US 12,315,083 B2
Performing point cloud tasks using multi-scale features generated through self-attention
Pei Sun, Palo Alto, CA (US); Mingxing Tan, Newark, CA (US); Weiyue Wang, Sunnyvale, CA (US); Fei Xia, Sunnyvale, CA (US); Zhaoqi Leng, Milpitas, CA (US); Dragomir Anguelov, San Francisco, CA (US); and Chenxi Liu, Santa Clara, CA (US)
Assigned to Waymo LLC, Mountain View, CA (US)
Filed by Waymo LLC, Mountain View, CA (US)
Filed on Mar. 13, 2023, as Appl. No. 18/120,989.
Claims priority of provisional application 63/323,914, filed on Mar. 25, 2022.
Claims priority of provisional application 63/319,228, filed on Mar. 11, 2022.
Prior Publication US 2023/0351691 A1, Nov. 2, 2023
Int. Cl.

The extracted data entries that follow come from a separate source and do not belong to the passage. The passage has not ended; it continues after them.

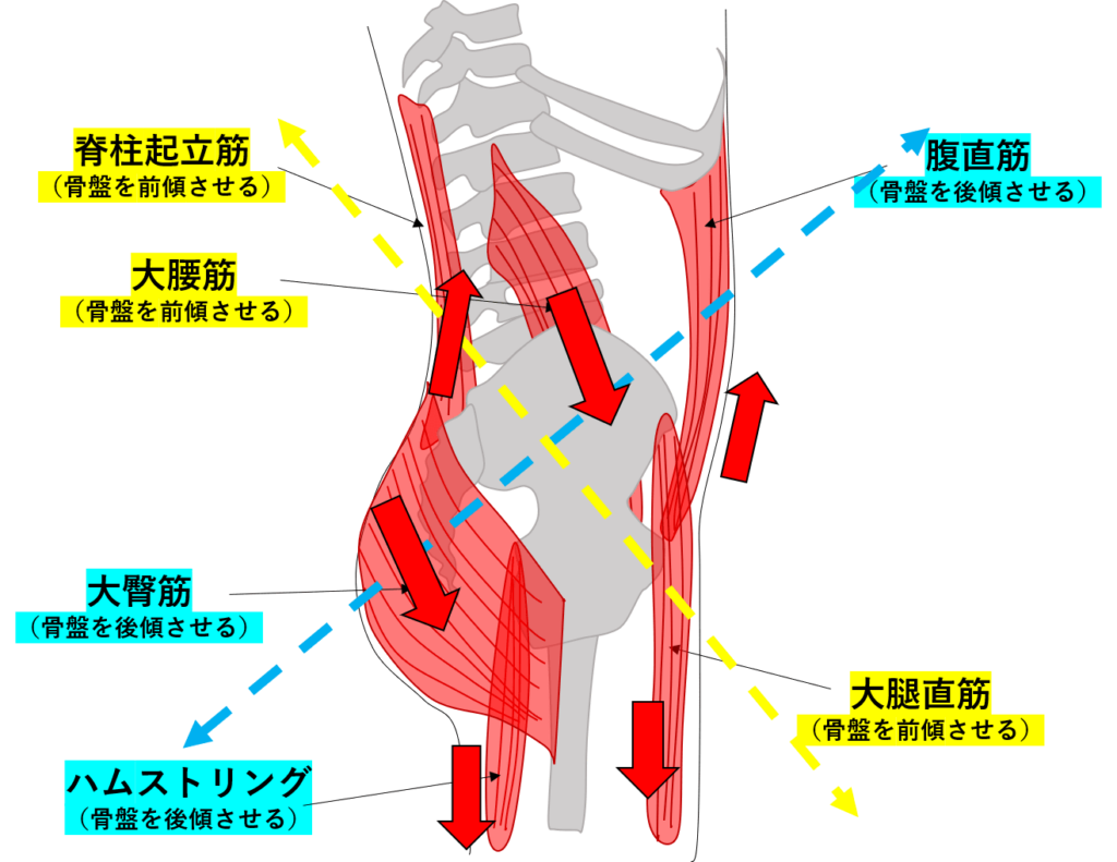 その筋肉は骨盤後傾する筋肉である腹筋や大臀筋、ハムストリングスです。
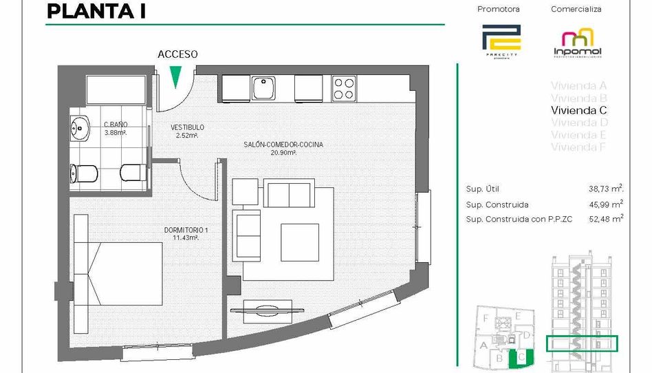Descubre este espectacular apartamento haciendo esquina en el exclusivo Edificio Parkcity, ubicado en la codiciada zona de Autopista, Badajoz. 🏙️ Con una superficie construida de 52.48 m2, esta propiedad es ideal para quienes buscan un hogar moderno con acabados actuales. 🌟 Cuenta con una amplia habitación doble que ofrece confort y privacidad, además de un baño completo elegante ⭐🚿, calefacción por radiadores, pre-instalación de aire acondicionado,...
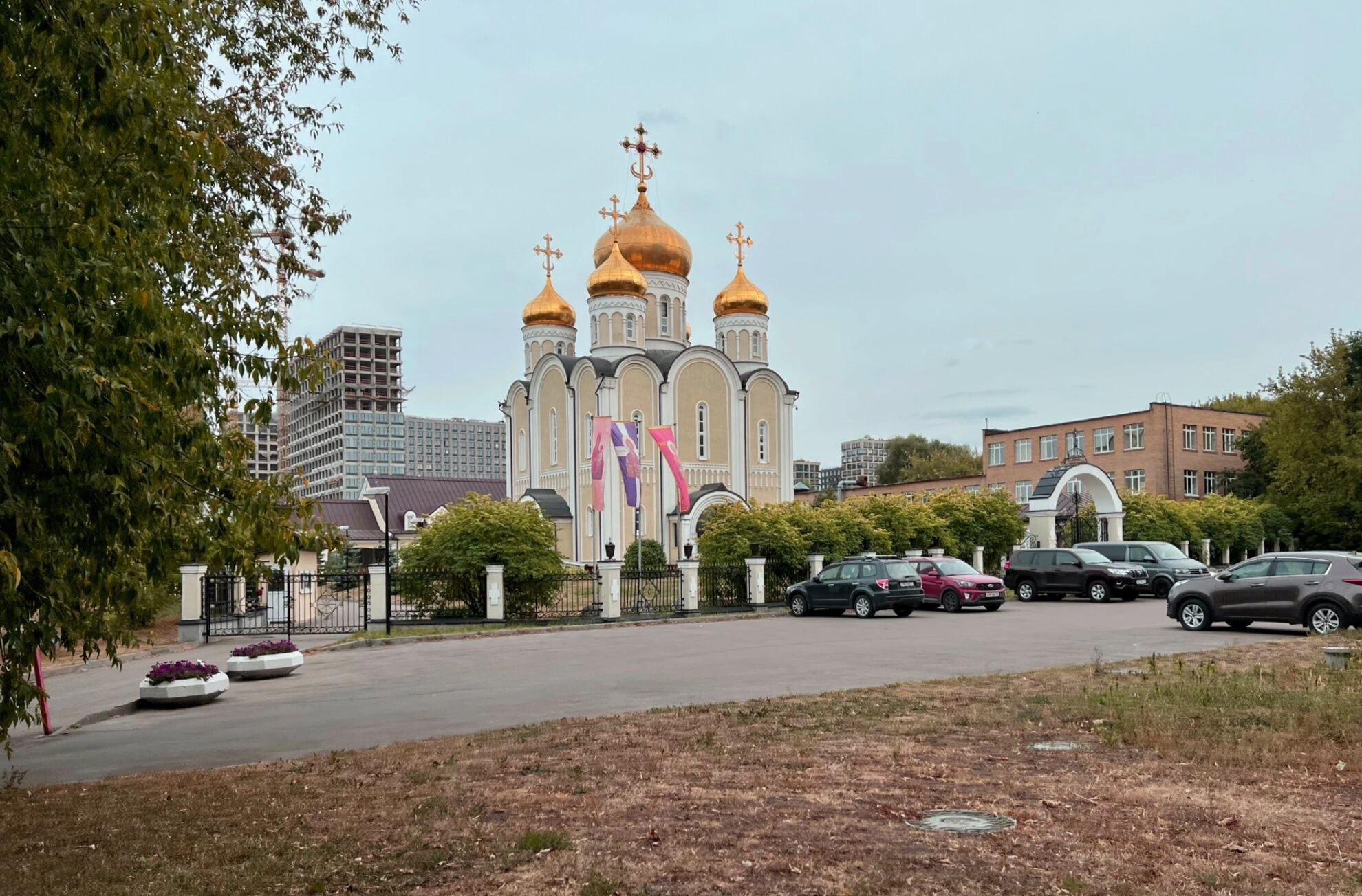 Фотография передаёт не только внешнюю красоту церковного строения, но и его органичное вписывание в городской ландшафт. На заднем плане видны современные жилые здания, что символизирует неразрывную связь вековых православных традиций с современной жизнью мегаполиса. Этот храм служит духовной опорой и местом молитвенного утешения для многих жителей столицы.
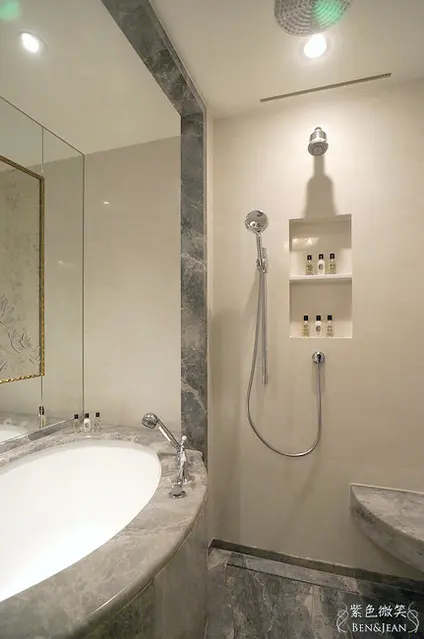 這是住宿旅客使用的大理石浴室及獨立浴缸和淋浴間,大量石材為鋪面,營造出低調奢華的極緻感受啊
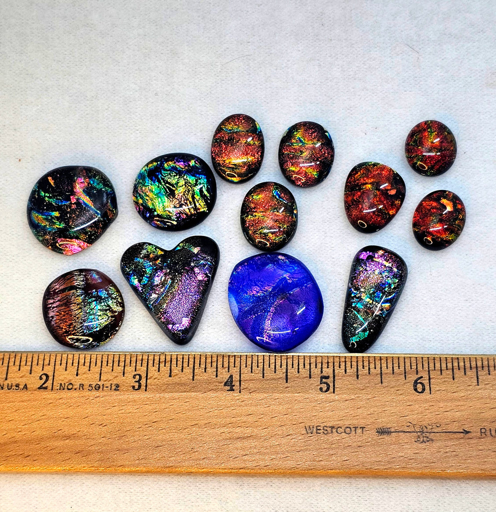 Set of 12 assorted dichroic glass cabochons for creating jewelry. Be artistic and create your own unique setting or simply glue on a finding like a pendant bail.
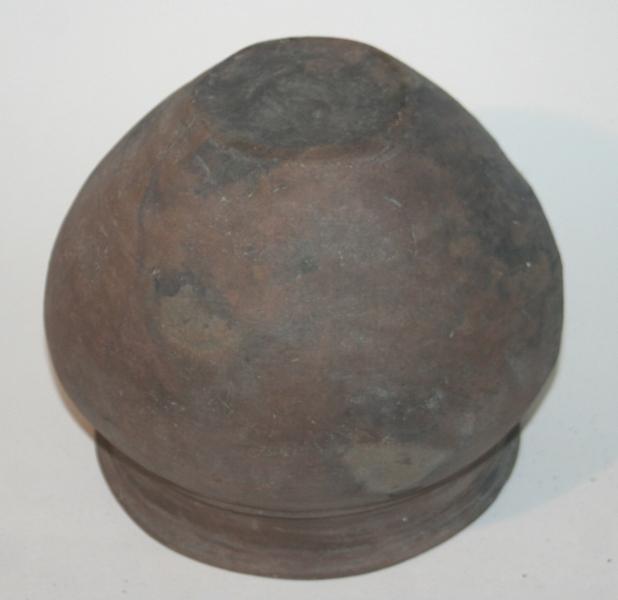 A good classic Upchurch pot of the Slayhill / Milfordhope type. Globular shaped vessel with inverted rim and shallow cordon below the neck. AD.90-120. Understood to have been found in Chatham New Road in the early 1970s
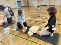 傷病者の意識レベルの確認の仕方、胸骨圧迫の仕方、AEDとの組み合わせ方など、繰り返し練習しました。
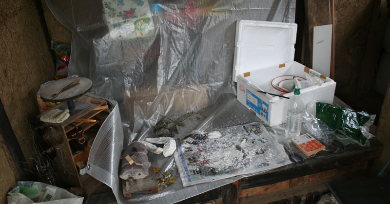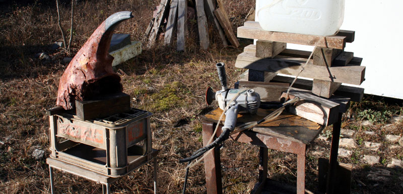 今は五右衛門風呂の小屋にシートを張って作業する。壁は土で出来ており、真冬に石膏取りをしていたら
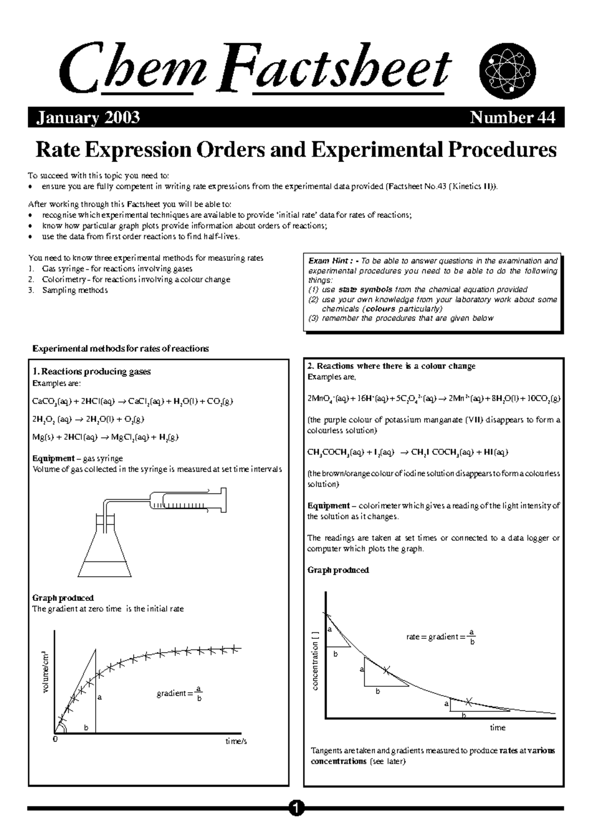 44 Rate Expression orders - Experimental methods for rates of reactions ...
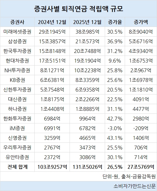 19일 금융감독원 통합연금포털에 따르면 지난해 12월 말 퇴직연금 사업자인 14개 증권사의 퇴직연금 적립액은 총 131조5026억 원으로 전년 말보다 27조5769억 원(26.5%) 증가했다.
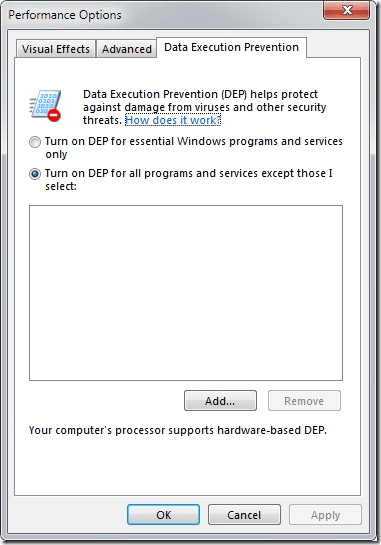 This behavior occurs because Microsoft uses the Data Execution Prevention (DEP) feature to help prevent damage from viruses and from other security threats.

G06T 17/20 (2006.01); G06F 30/27 (2020.01); G06T 5/60 (2024.01); G06T 15/20 (2011.01); G06T 17/05 (2011.01)
CPC G06T 17/20 (2013.01) [G06F 30/27 (2020.01); G06T 5/60 (2024.01); G06T 15/20 (2013.01); G06T 17/05 (2013.01); G06T 2210/56 (2013.01)] 20 Claims
OG exemplary drawing
 
1. A method performed by one or more computers, the method comprising:
obtaining a set of point clouds captured by one or more sensors, wherein each point cloud comprises a respective plurality of three-dimensional points;
assigning the three-dimensional points to respective voxels in a voxel grid of voxels;
generating multi-scale features of the voxel grid, the multi-scale features comprising, for each of a plurality of scales, respective features for each non-empty voxel in a scaled voxel grid corresponding to the scale, the generating comprising:
processing respective features for each non-empty voxel in the voxel grid through a hierarchical sequence of self-attention neural network blocks, the processing comprising, for each scale:
obtaining initial features for each non-empty voxel in the scaled voxel grid corresponding to the scale; and
processing the initial features for the non-empty voxels in the scaled voxel grid corresponding to the scale using a self-attention neural network to generate the respective features for the non-empty voxels in the scaled voxel grid corresponding to the scale; and
generating an output for a point cloud processing task using the multi-scale features of the voxel grid.